Medical Humanities lecture: Theatre, Photography, Empathy & Healing

11 Aug 2017
11 Aug 2017

Photos from Derrick's 'One in Nine' cancer series
As part of the 2017 Medical Humanities lecture series, the School of African and Gender Studies, Anthropology and Linguistics, and the Institute for Creative Arts (ICA) proudly present photographer Tracey Derrick and mediator and academic Ruth Levin-Vorster on Wednesday 23 August.

Derrick and Levin-Vorster will present Theatre, Photography, Empathy & Healing – an exploration of narratives of healing and interdisciplinary approaches to wellbeing.

Derrick's presentation focuses on the road of photographic portraiture as a vehicle for charting her family's experience of cancer. She embarked to live her cancer through the lens of capturing not only the surgical and medical procedures, but also the intimate work of including her children in the journey to recovery, with dressing up, the wearing of wigs, the making of body casts, and other forms of creative storytelling captured in digital time. The seminar will include a presentation of Derrick's photographic journey of self-reflection and healing, with a discussion of her work as a leading photographer whose subject prior to illness lay beyond her immediate bodily experience. 

Levin-Vorster's career as a theatre director led her to a recognition that the deep process work of developing a character also had the capacity to enhance emotional and relational health, which in turn influences mental wellbeing and physical resilience. Having become increasingly interested in empathy in the context of divisive spaces, Levin-Vorster reflects on the intersections of theatre, empathy, and relational health, and on vulnerability and connection as the key tenants of empathy and the bedrock of theatre. She will talk to the embodied element of relationships, which is emerging in brain-body science as a significant factor in both empathy and lived experience as well as talking to the challenges and limitations within empathy. Drawing on examples from her own work, she will evoke ways in which the medical humanities might facilitate a conversation around such an interdisciplinary approach to well being.

Tracey Derrick is a portrait and documentary photographer whose projects are primarily concerned with social and community issues. She has photographed, amongst others, the Namibian Himba, sangomas in Khayelitsha, African refugees, Cape Town sex workers, and women prisoners in Malmesbury.

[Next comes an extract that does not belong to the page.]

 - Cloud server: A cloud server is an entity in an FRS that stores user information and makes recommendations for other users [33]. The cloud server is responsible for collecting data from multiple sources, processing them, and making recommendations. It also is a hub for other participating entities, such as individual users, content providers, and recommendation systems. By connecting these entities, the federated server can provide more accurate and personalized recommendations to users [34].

She has continually taught and conducted photography workshops, and has participated extensively in exhibitions both locally and internationally.

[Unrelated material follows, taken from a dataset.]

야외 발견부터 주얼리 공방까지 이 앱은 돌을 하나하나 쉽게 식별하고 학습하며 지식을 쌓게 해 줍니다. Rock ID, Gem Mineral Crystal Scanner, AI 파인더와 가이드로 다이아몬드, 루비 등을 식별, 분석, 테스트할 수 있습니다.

Photos from Derrick's 'One in Nine' cancer series
Ruth Levin-Vorster is a facilitator of Interpersonal Communication and a mediator. She holds an MA in Theatre and Performance from UCT, and an undergraduate Diploma in Acting from the Drama Centre in London. After fifteen years as a theatre director in London and South Africa, she expanded her knowledge with interpersonal neurobiology, psychology and mindfulness and weaves these areas of interest into her creative processes for shifting the spaces between people from judgment to connection. See more at: www.createbridges.co.za

The presentation, followed by an open question and answer session, will take place from 6-7:30pm on Wednesday 23 August 2017 in the Anatomy Lecture Theatre, Old Medical School Building, UCT Hiddingh Campus, 31 – 37 Orange Street, Cape Town. 

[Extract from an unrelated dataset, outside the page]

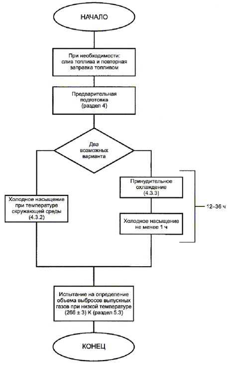 По заявке изготовителя испытательная лаборатория может провести испытание типа I до завершения испытания типа V с использованием коэффициентов ухудшения, указанных в таблице 3. После завершения испытаний типа V испытательная лаборатория может изменить результаты сертификации, указанные в приложении Б, заменой коэффициентов ухудшения, указанных в таблице 3, коэффициентами, полученными в ходе испытания типа V. 5.3.5.3 Коэффициенты ухудшения определяют в соответствии с 5.3.5.1 или по таблице 3. Коэффициенты используют для установления соответствия требованиям 5.3.1.4 и 8.2.3.1. 5.3.6 Испытание типа VI. Определение выброса оксида углерода и углеводородов с отработавшими газами после запуска холодного двигателя при низкой температуре окружающей среды 5.3.6.1 Испытание типа VI проводят на всех транспортных средствах категорий М1 и N1 класса I, оснащенных двигателями с принудительным зажиганием, за исключением транспортных средств, предназначенных для перевозки более шести человек, и транспортных средств максимальной массой более 2500 кг. 5.3.6.1.1 Транспортное средство устанавливают на динамометрическом стенде, оборудованном системой имитации нагрузки и инерции. 5.3.6.1.2 Испытание состоит из четырех простых городских ездовых циклов, предусмотренных первой частью испытания типа I. Первая часть испытания приведена в соответствии с дополнением 1 к приложению Г и представлена на рисунках Г.1 - Г.3. Испытание при низкой температуре окружающей среды проводят без остановки двигателя, начиная с его запуска в течение 780 с. 5.3.6.1.3 Для проведения испытаний при низкой температуре температура окружающей среды составляет 266 К (минус 7 °С). Перед проведением испытания транспортные средства выдерживают в единообразных условиях для обеспечения воспроизводимости результатов испытания. Предварительное кондиционирование транспортных средств и другие процедуры испытания проводят в соответствии с приложением К. 5.3.6.1.4 В ходе испытания отработавшие газы разбавляют и отбирают их пропорциональную пробу. Отработавшие газы испытуемого транспортного средства разбавляют, отбирают, анализируют и измеряют общий объем разбавленных отработавших газов в соответствии с приложением К. Анализ разбавленных отработавших газов проводят на содержание оксида углерода и углеводородов. 5.3.6.2 Испытание проводят три раза при условии соблюдения требований 5.3.6.2.2 и 5.3.6.3. Выбросы оксида углерода и углеводородов с отработавшими газами должны быть меньше значений, указанных в таблице 4. Таблица 4

Refreshments will be served from 5:30pm. RSVP at ica@uct.ac.za

For more information, contact the ICA office: +27 21 650 7156 or mari.stimie@uct.ac.za.

About Medical Humanities

The Medical Humanities lecture series grows out of Medicine and the Arts – a post graduate course jointly offered every second year by Associate Professor of Anthropology (housed in the School of African and Gender Studies, Anthropology and Linguistics) Susan Levine and Professor Steve Reid of the Primary Health Care Directorate. The course aims to facilitate exploration and engagement within a peer group that transcends the disciplinary borders that shape knowledge production in the health sciences, the social sciences, and the arts, and to instil in students an appreciation of the international literature pertaining to health and the medical humanities.

About the ICA

The Institute for Creative Arts is an interdisciplinary institute in UCT’s 

Humanities Faculty – formerly the Gordon Institute for Performing and Creative Arts (GIPCA). The ICA facilitates research projects in the creative and performing arts that disrupt boundaries, while underscoring creative education and practice across discipline and faculty. Interdisciplinarity, live art and public spheres are key themes of the Institute, and projects are imbued with innovation, collaboration and a dialogue with urbanism and community. The ICA was launched on 5 April 2016 as a result of a grant from the Andrew W. Mellon Foundation.